Trinidad and Tobago’s mid-year budget review announced new initiatives by the government to boost revenues, cut expenditures and raise financing to correct the fiscal imbalances brought about by changes in the energy market. Inevitably, many of these initiatives will have consequences for both T&T’s equity and debt capital markets.

Equity Market Hurdles

Increases to several taxes and duties were announced in April 2016, aimed at raising government revenues. If successfully implemented, these taxes could change the spending patterns of consumers, with knock-on effects for the companies providing the goods and services covered.

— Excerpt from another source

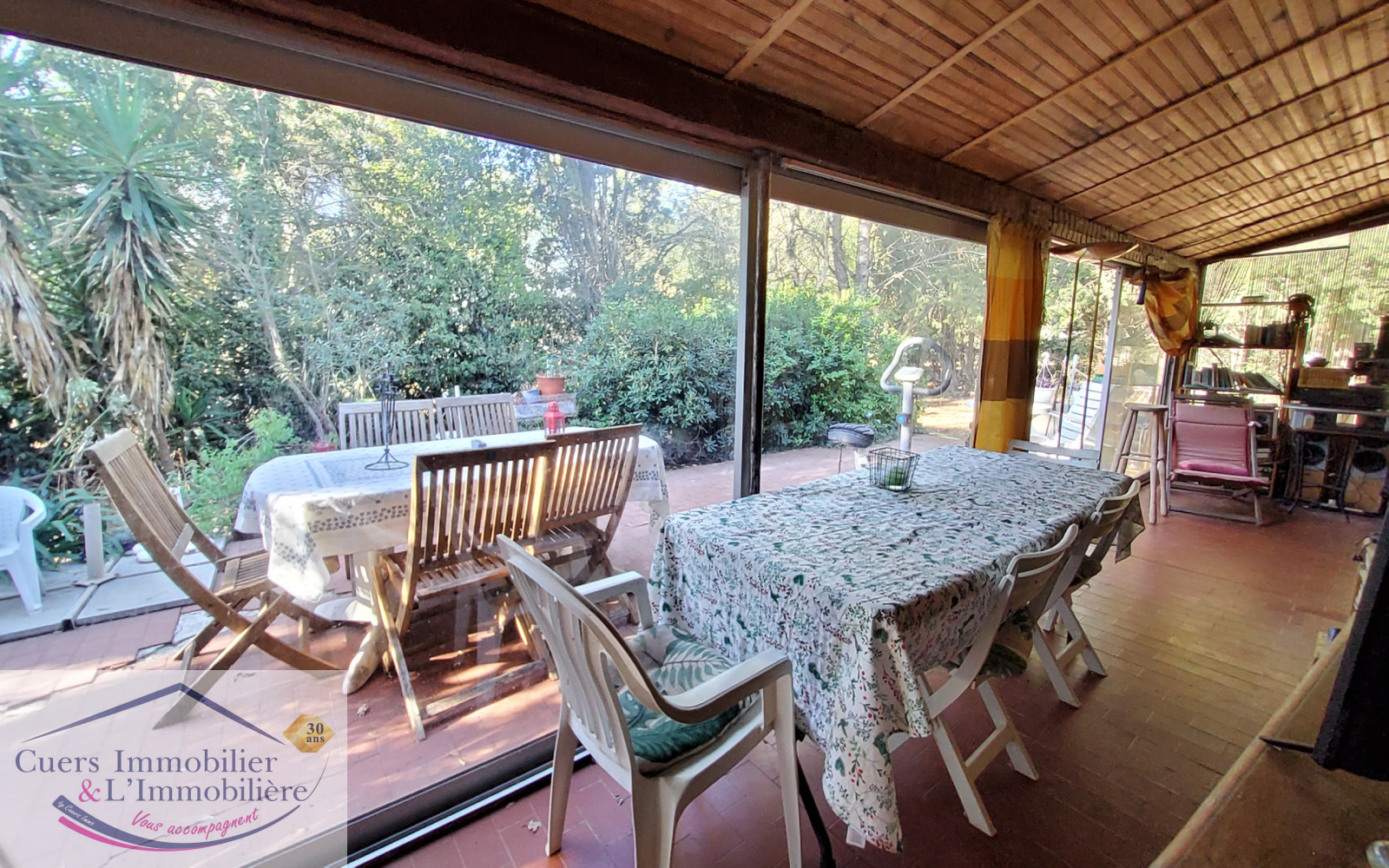 Cuers (83390)Cuers, villa de type 5 d'environ 152m2 + verandas, dans un cadre verdoyant sur un terrain plat de 5370m2

First, a 50% increase for motor vehicle taxes and Customs duty on private motor vehicles with engine sizes exceeding 1999cc was announced with immediate effect. Potentially this could reduce consumer demand for larger-engine (and higher-priced) vehicles, while also stoking price increases in smaller-engine vehicles. Stocks which could be specifically affected include Massy Holdings and Ansa McAl, each of which owns extensive distribution rights for new vehicles across several brands. However, first quarter sales of new vehicles in 2016, at around 4300 units, have been almost identical to sales in 2014 and 2015 despite the announcement of a recession. It remains to be seen whether the mix of vehicles sold (luxury, economy and mid-grade) has changed. The effect of the change in taxation on unit sales – if any – should be observable in subsequent data points.

Second, in May 2016 taxes on alcohol and tobacco products are set to increase. Companies which may be directly affected by this include Angostura Holdings, a leading Caribbean rum producer, and the West Indian Tobacco Company, a producer and marketer of tobacco products. Both firms generate considerable revenues from the T&T market.

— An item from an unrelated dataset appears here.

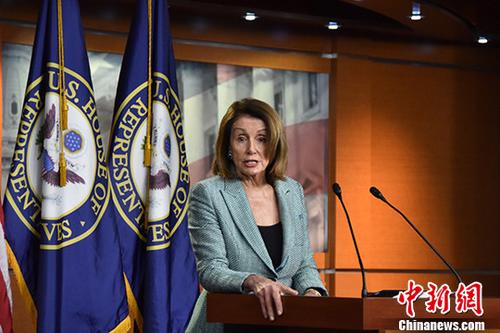 资料图:当地时间3月14日,美国众议院议长佩洛西召开新闻发布会,就国家紧急状态、弹劾总统、年度预算等回答记者提问。她表示,特朗普通过宣布进入国家紧急状态绕开国会筹款做法“违背宪法”,应当被阻止。中新社记者 沙晗汀 摄
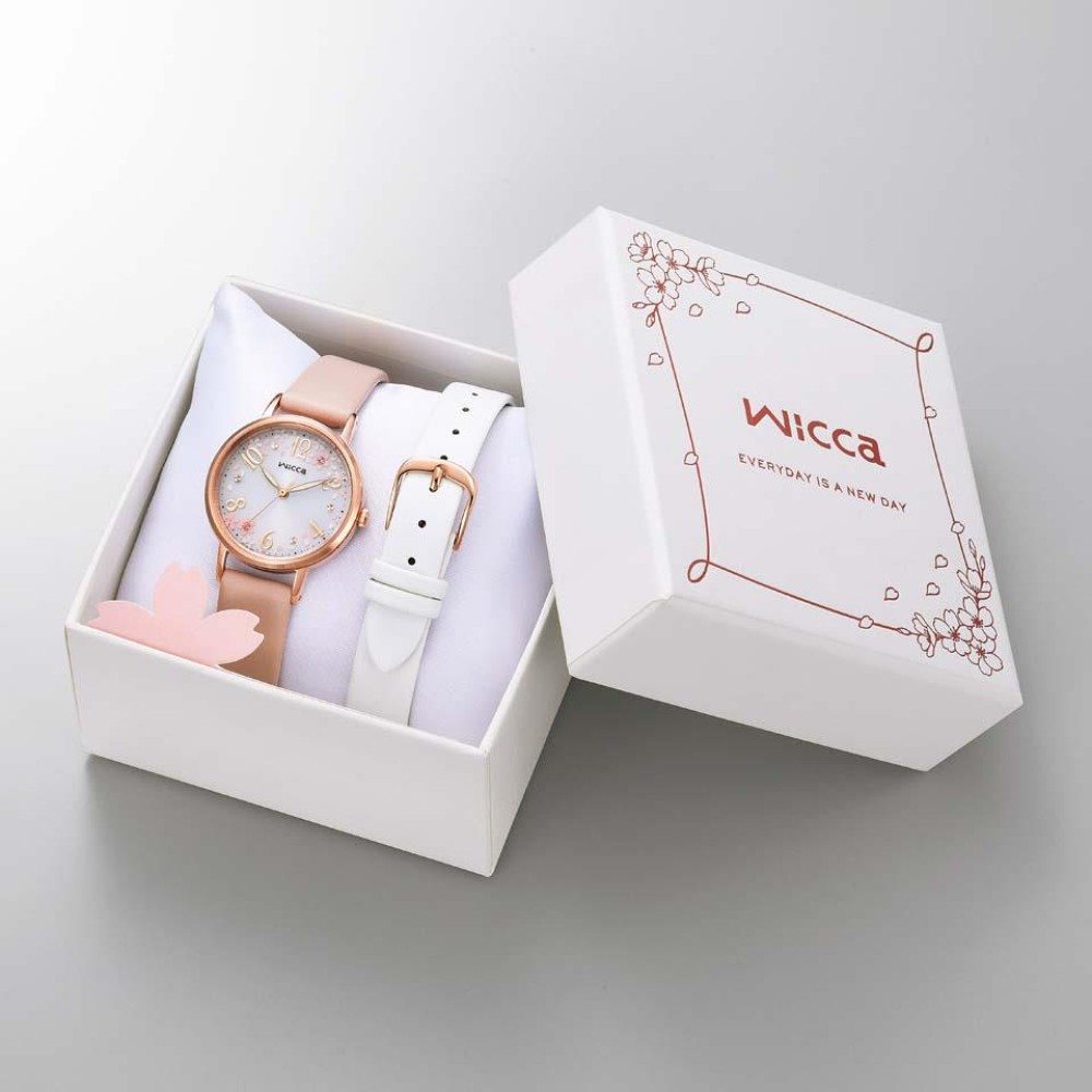 Citizen Wicca Haruka Fukuhara Collaboration Model KP5-166-12 - ladies watch made by Citizen. It has Japanese solar quartz movement and E031 calibre. Stainless steel, gold plated case of round shape. Case dimensions are 30.2 mm. in diameter and 7.5 mm. in thickness. The dial of this Citizen watch is white. Display type: analog. This timepiece has mineral glass. Leather band, band color: pink, white. 50 m. water resistance. The watch is from Wicca collection. The following features are equipped: crystal set.

The gradual and managed depreciation of the T&T dollar could also have an impact on the operations of listed companies. In the mid-year review the T&T minister of finance suggested that the dollar would not be allowed to depreciate beyond TT$6.82 per USD. Were this to be achieved, it would mean that the T&T dollar would have depreciated by approximately 7% in the fiscal year 2015/16.

The impact of currency depreciation will likely be an increase in the cost of imports. This could affect almost all listed securities on the country’s stock exchange, including distributors of consumer durables, fast-moving consumer goods and manufacturers who import raw materials for processing and finished goods. Indirectly, the banking sector, via reduced demand for credit, could also be impacted. The extent to which firms can pass on increased costs will be tested, particularly in a weaker consumer environment characterised by current higher lending rates and rising unemployment.

Overall, the state’s revenue generating initiatives may impact consumer disposable income and discretionary demand. The reallocation and redeployment of this purchasing power will set the tone for T&T’s equity markets over the next 12 to 24 months.

Monetary Policy Changes

As the government embarks on its borrowing programme to meet deficit funding needs, monetary policy adjustments may be required to facilitate cost-effective financing. First, the primary reserve requirement of the Central Bank of T&T (CBTT), currently at 17%, could be adjusted downward to release excess reserves into the financial system. A second initiative may well involve lowering the benchmark repo rate, given its limited impact on stemming capital outflows.

It is possible to argue that the repo rate would have pushed up prime lending rates in the financial system (140 basis points between September 2014 and March 2016) as the CBTT began its rate hike cycle, while the average ordinary savings rate at banks has not budged from 0.20% over the same period.